Practical Recommendations
Based on this analysis, we make five recommendations for production fingerprinting systems:
Never use user-agent as an identification anchor. It is the least stable distinctive signal. Use it for browser detection and Tier 3 confidence scoring only.
Separate hardware signals from software signals. Hardware signals (GPU, screen, audio) are 40x more stable than software signals (user agent, plugins, CSS features). Weight them accordingly.
Use set-based comparison for enumerable signals. Font lists, plugin lists, and feature detection results should be compared using set similarity or similar set-distance metrics, not ordered hashing. Order changes are common; content changes are rare.
Implement browser-version-aware matching. When Chrome 118 changes canvas rendering for all Chrome users simultaneously, your system should recognize this as a browser update, not a mass identity break. Track browser versions and apply version-specific matching tolerances.

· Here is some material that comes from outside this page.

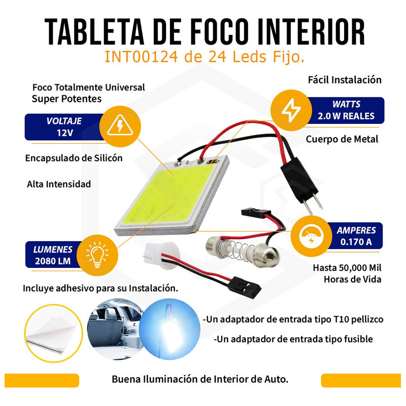 Nosotros Si Facturamos, Esperamos Tu compra ETAPI TRAE PARA TI Sku: INT001/24 INT001/48 (EL PRECIO PUBLICADO ES POR DOS UNIDADES) Esta placa de interior de fácil instalación tiene hasta 50, 000 horas de vida, con encapsulado de silicón, hacen de esta placa una excelente opción para instalarlo en interiores, porta placas, y foco de lectura. La luz que proporciona es potente y Llamativa, más que suficiente para desempeñar su función. Colocarlos es de lo más sencillo, solo entran y salen con un poquito de presión. Foco totalmente universal, ideal para vehículos todo terreno, 4×4 ATV, UTV. ZRZ, Cuatrimotos, Jeep, Motocicletas; camiones de carga, remolques, tractores, etc. Todos nuestros datos son 100% verídicos, Voltajes, Watts, Amperes. Puedes comprobarlo en la imagen de la publicación NO TE DEJES ENGAÑAR POR PUBLICACIONES CON INFORMACIÓN FALSA. Descripción: -Foco con diseño placa -Brinda EXCELENTE iluminación. -Con adaptadores de entrada tipo T10 pellizco y adaptador tipo Festoon Fusible compatible de 31mm a 41mm (31mm, 36mm, 39mm y 41mm) -Fácil instalación -100% nuevo -Temperatura de color: 6500k -La placa incluye adhesivo para su instalación. Características INT001/24: -Watts: 2w -Voltaje: 12v -Leds: 24 -Lúmenes: 2,081lm -Amperes: .170 Medidas (VER EN IMAGENES): 36.1mm alto x 26.4mm largo x 3.4mm ancho Características INT001/48: -Watts: 2w -Voltaje: 12v -Leds: 48 -Lúmenes: 2267 lm -Amperes: .170 Medidas (VER EN IMAGENES):40.1mm alto x 35.7mm largo x 3.4mm ancho INCLUYE: -Una placa interior -Un adaptador de entrada tipo T10 pellizco -Un adaptador de entrada tipo fusible compatible de 31mm a 41mm (31mm, 36mm, 39mm y 41mm) ¿Por qué ETAPI es tu mejor opción? En ETAPI tenemos más de 10 años de experiencia en Ventas de accesorios automotrices y pioneros con más de 7 años con ventas en Mercado Libre. Somos Mercado Líder Platinum, por la excelente calidad en productos, servicio y rapidez, prometiendo clientes satisfechos. Te brindamos la mejor experiencia de compras por Internet y te ofrecemos Asesoría de nuestros expertos desde el primer momento de tu compra, dando seguimiento hasta que el producto llegue a la puerta de tu casa. Tu compra esta 100% segura con nosotros. ¿Cuándo se realiza tu envió? Tu envió va con Mercado Envíos por DHL, ESTAFETA o FEDEX. El envío se realiza el mismo día de la compra o al siguiente día hábil, según la hora en que se realiza la compra. ¡Esperamos tu compra!

Monitor signal stability continuously. Our stability percentages are based on historical data. Future browser updates may change the stability profile of any signal. We run continuous monitoring and automatically adjust signal weights when stability changes.
Impact on tracio.ai
Our V3 multi-tier identification architecture directly reflects this stability analysis. Tier 1 signals (hardware) carry 60% weight. Tier 2 signals (rendering, fonts) carry 30% weight. Tier 3 signals (browser metadata, connection) carry 10% weight. This weighting ensures that the most stable signals drive identification, while volatile signals contribute to confidence scoring without causing identity breaks.
The result: 99.5% identification stability across 50 browser updates, versus 69% for systems using flat hash-based fingerprinting. The difference is not algorithmic cleverness — it is empirical signal analysis applied to architectural decisions.